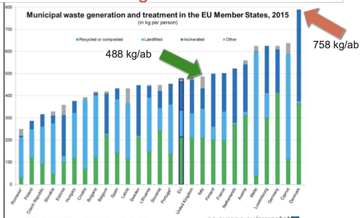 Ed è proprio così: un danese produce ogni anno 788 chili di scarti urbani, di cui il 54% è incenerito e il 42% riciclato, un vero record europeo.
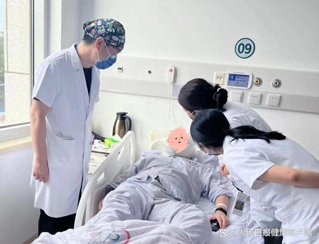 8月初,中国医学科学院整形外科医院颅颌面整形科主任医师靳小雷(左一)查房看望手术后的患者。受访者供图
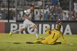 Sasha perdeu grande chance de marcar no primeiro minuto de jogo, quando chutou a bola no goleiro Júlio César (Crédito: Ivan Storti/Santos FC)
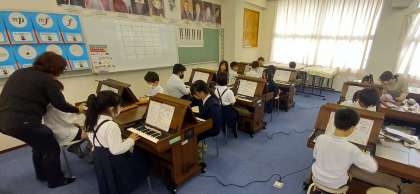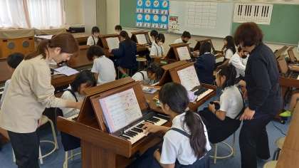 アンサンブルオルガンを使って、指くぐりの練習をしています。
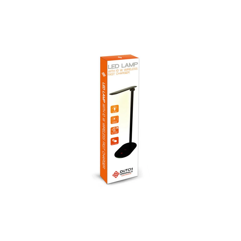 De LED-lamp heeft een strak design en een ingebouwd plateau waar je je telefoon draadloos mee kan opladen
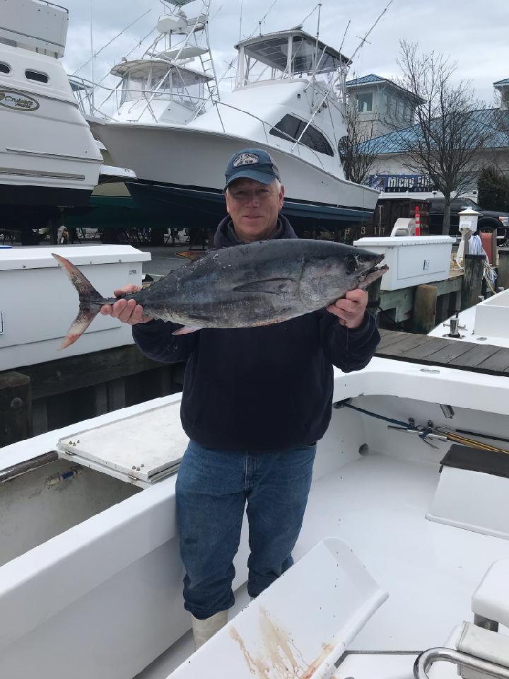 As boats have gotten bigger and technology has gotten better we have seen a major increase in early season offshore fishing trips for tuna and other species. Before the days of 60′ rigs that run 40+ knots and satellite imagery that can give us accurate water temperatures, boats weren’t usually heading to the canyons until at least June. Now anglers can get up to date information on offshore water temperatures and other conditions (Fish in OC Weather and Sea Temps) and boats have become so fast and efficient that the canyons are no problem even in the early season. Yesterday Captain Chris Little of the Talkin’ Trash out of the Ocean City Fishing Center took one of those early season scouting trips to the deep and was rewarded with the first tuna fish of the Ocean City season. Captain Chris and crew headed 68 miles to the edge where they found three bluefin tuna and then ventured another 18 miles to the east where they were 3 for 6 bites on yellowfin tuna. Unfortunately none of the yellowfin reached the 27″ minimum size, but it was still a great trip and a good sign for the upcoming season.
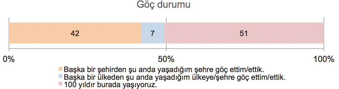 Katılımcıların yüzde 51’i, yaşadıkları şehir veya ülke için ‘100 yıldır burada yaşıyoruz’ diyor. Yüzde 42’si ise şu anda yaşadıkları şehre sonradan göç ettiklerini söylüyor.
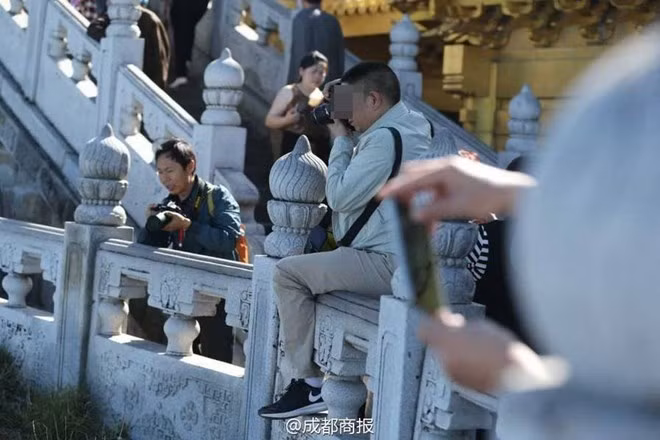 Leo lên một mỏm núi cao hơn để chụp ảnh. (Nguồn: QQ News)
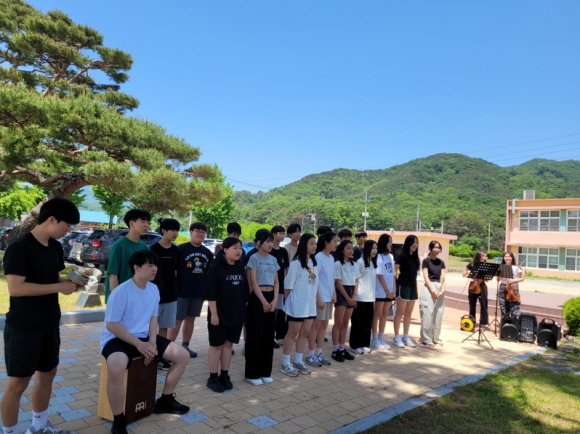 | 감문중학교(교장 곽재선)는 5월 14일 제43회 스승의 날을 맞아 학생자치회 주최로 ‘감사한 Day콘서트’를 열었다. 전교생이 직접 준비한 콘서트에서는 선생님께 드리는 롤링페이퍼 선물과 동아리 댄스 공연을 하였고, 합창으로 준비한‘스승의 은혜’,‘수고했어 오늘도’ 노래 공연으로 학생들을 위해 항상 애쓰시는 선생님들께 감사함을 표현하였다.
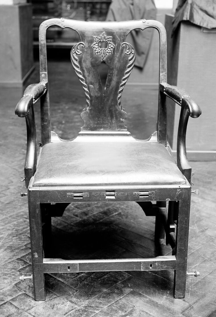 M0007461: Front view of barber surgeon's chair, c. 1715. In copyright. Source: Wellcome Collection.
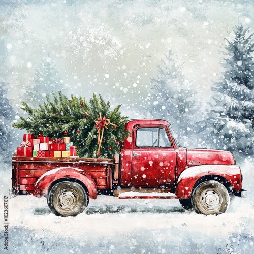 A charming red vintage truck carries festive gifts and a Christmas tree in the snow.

============

## What to work on
Up to and including the line with "アンサンブルオルガンを使って、指くぐりの練習をしています。", copy the data above from its first line. Skip pictures.

## Response to the task
 Ed è proprio così: un danese produce ogni anno 788 chili di scarti urbani, di cui il 54% è incenerito e il 42% riciclato, un vero record europeo.
 8月初,中国医学科学院整形外科医院颅颌面整形科主任医师靳小雷(左一)查房看望手术后的患者。受访者供图
 Sasha perdeu grande chance de marcar no primeiro minuto de jogo, quando chutou a bola no goleiro Júlio César (Crédito: Ivan Storti/Santos FC)
 アンサンブルオルガンを使って、指くぐりの練習をしています。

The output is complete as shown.